Sitting on the stoop of the house of one of my friends, Victor lit into me. Why was I palling around with Stanley, (who, by the way, did not live in our neighborhood). Didn’t I know he was a Jew?  At 13 the only thing I knew about Jews was that Jesus was one and that there was a section of Malden derisively referred to as “Jew Town” where their older brothers sometimes went in gangs to beat up the boys and feel up the girls. I countered, bewilderingly, that Mr. Goodman whose store we often frequented was a very nice man.  Victor became more and more agitated as he tried to convince me that they were all Christ killers. Seeing that I remained unpersuaded still, he blurted out his trump card: “How would you like your sister, Marilyn, to marry a Jew?”  So stunned was I, that it remains the only sentence of conversation I can remember verbatim from my childhood. Perhaps it was a combination of the vehemence with which he said it and the absurdity of what he said. My sister was, after all, only 11 and it would be a long time before she would be contemplating marriage.  As I later worked in the Civil Rights movement, I would often recall the painful irony of Victor’s vitriol.

Just as on Sundays I would have to seek religious solace outside of Everett so too, in my high school years, on weekend nights would I have to go to Roxbury and the South End of Boston to attend dances and parties. Interracial dating, even in Everett, was the most entrenched of all taboos. That should not have been surprising since, of course, it was part of an America whose racist sentiments had been the norm since the founding of the Republic.

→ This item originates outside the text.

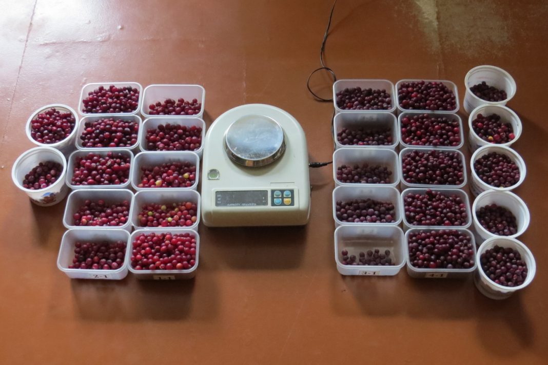 При этом «некондиционных» – сухих, гнилых и перезрелых ягод на первом участке оказалось в 18,4 раза больше, чем в прошлом году, а на втором – 8,3 раза больше, сообщил сотрудник заповедника Геннадий Богданов. Вес сотни ягод в этом году на УП № 1 составил 55,18 грамма, на УП № 2 – 41,94 грамма.

I, also, could not escape the sting of what we now prudishly call the “N-Word.”  Often, outside my neighborhood, I would get into fist fights occasioned by having been called [such names]. Even some of my friends, with no malice aforethought, would casually refer to the numbers racket [with such words]. I would be embarrassed at Boy Scout campfires when Stephen Foster songs containing the word “darky” would be sung and at the movies when the audiences would laugh at the bug-eyed, shuffling antics of Stepin Fetchet and Mantan Moreland.

Growing up in a predominately white environment, however, did not weaken my sense of racial identity but, rather, strengthened it.  My life in Everett cut against the grain of most of the era’s stereotypes.  I was a popular kid in a sports-obsessed town who was not an athlete.  Our high school football teams were legendary.  They won more state and national championships than any other. They were memorialized in Look Magazine. The basketball team was a state powerhouse. Jocks were the most popular group in school. Yet I, who excelled, not on the field but on the stage as a debater and orator, was each year elected Vice President of a class of 500 of whom but five were black.

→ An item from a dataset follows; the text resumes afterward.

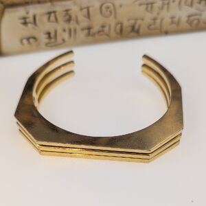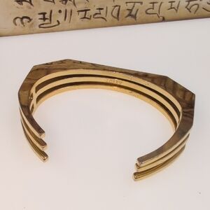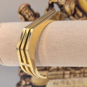 Embrace contemporary elegance with this J. Crew gold bracelet, showcasing a minimalist geometric design. Its smooth, polished finish and open cuff style offer a sophisticated touch to any ensemble.

I often read in the national black newspapers tales of horror about white high school guidance counselors steering promising black students away from college careers to vocational ones. I was blessed to have one who insisted that I should settle for nothing but the best. With his encouragement I got into Harvard.

My friends were excited and anxious at the news.  They were proud that a kid from the neighborhood had made it that far but also worried lest I abandon my roots and old friends for the company of what they saw as the snobbish sons of the privileged. Thanks to having grown up where I did, my greatest apprehension, at Harvard, was not that I was black but that I was a public school graduate competing against so many who had gone to elite private schools.

I remain grateful that, for all its imperfections, there once was an Everett that prepared me, not only to survive in a predominately white America, but to prevail in it.